Appellant Stolz entered into a sales contract with Kopp and Kopper Realty Corp. for the purchase of a lot and the construction of a home for $58,500 and paid Kopper Realty $1,000 as earnest money. Before construction was completed, appellant decided that the plans he had agreed upon were not being followed and walked away from the contract after Kopp refused to make certain desired changes. After Stolz requested the return of his earnest money from Kopper Realty and the request was refused, he filed suit seeking its recovery. Appellees answered, admitted receiving the earnest money, and alleged that they had incurred expenses in the amount of $1,060 to reverse the modifications requested by the appellant. The case came on for trial before a judge sitting without a jury. He found that Stolz was entitled to the return of his earnest money because the contract could not legally stand. Kopp testified that when he signed the contract he did not own the property personally, that the entity *170purporting to be “Kopper Realty Corp.,” a licensed “broker” was not a licensed broker in this state and could not accept earnest money, and that a “Construction Agreement” signed by “Gerald A. Kopp” and incorporated by reference into the sales agreement and purported to be a contract of “Koppar Corporation” was never signed by an agent of “Koppar Construction.” The court further found that Kopp established through oral testimony that he, as the builder, had incurred expenses in the amount of $1,060, to reverse the modifications requested by Stolz. The court concluded that no sales contract or construction agreement legally existed as the “seller” did not own the property and the “broker” was not licensed, and that Stolz was therefore entitled to the return of his earnest money. It was also found, over the timely objection of appellant, that the defendants had incurred expenses in the-amount of $1,000 and were entitled to recover this amount under the theory of quantum meruit. Stolz contends that the trial court erred in that portion of the judgment which awarded the appellees $1,000 and in denying his motion for a new trial. Held:
Submitted September 9, 1980 Decided October 21, 1980.Code Ann. § 3-107 provides in part: “Ordinarily, when one renders services or transfers property valuable to another, which the latter accepts, a promise is implied to pay the reasonable value thereof. . .” (Emphasis supplied.) “Where quantum meruit is involved the word value means value to the owner rather than the cost of producing the work'to the workmen.” Pembroke Steel Co. v. Technical Sales Assoc., 138 Ga. App. 744, 745 (227 SE2d 491) (1976).

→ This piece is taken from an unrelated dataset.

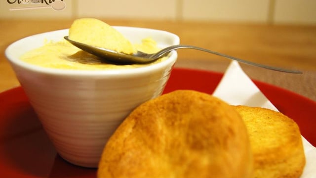 Commencer par battre les jaunes d'œufs et le sucre ensemble dans une terrine puis faire fondre le beurre et l'ajouter au mélange œufs et sucre. - 7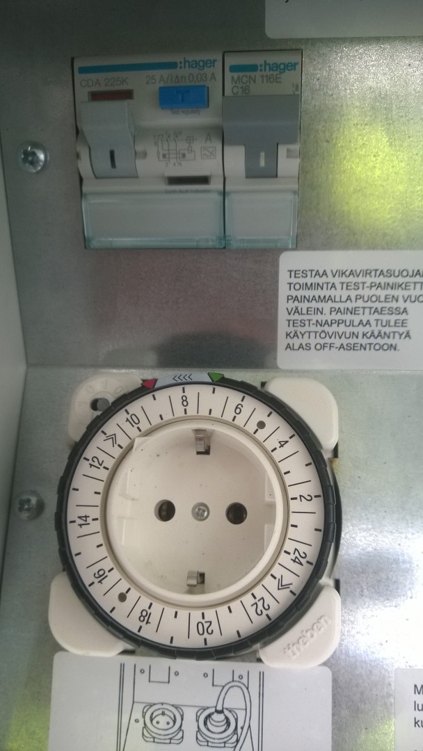 Työpaikan tolpassa tällainen, liekö 16A sulake.... Kytken moottorilämmittimen ja sisätilalämmittimen (550W + jotain 1500W), Defan johdolla joka on ilmeisesti 1,5mm2. Palaako autoni tällä yhdistelmällä?

The record in this case shows that appellant never accepted the work and that he was never the owner of the property. Indeed, the record does not show that appellee incurred any damages because of the changes it made after appellant repudiated the contract; the house was sold to a third party for $62,000 one week after construction was completed.
Thus, the trial court erred in awarding the appellees $1,000 in expenses under the theory of quantum meruit. “[W] here a judgment excepted to is erroneous in part and can be segregated so that the legal part can be separated from the illegal, it is not necessary to set aside the entire judgment, but only that portion that is erroneous. [Cits.]” Dept. of Transp. v. Kendricks, 148 Ga. App. 242, 249 (250 SE2d 854) (1978). Accordingly, that portion of the judgment which is enumerated as error on appeal is reversed with direction that the lower court strike from its final order the award of $1,000 to appellees.
Reversed with direction.
Birdsong and Sognier, JJ., concur. Jay W. Bouldin, for appellant. Donald O. Nelson, for appellees.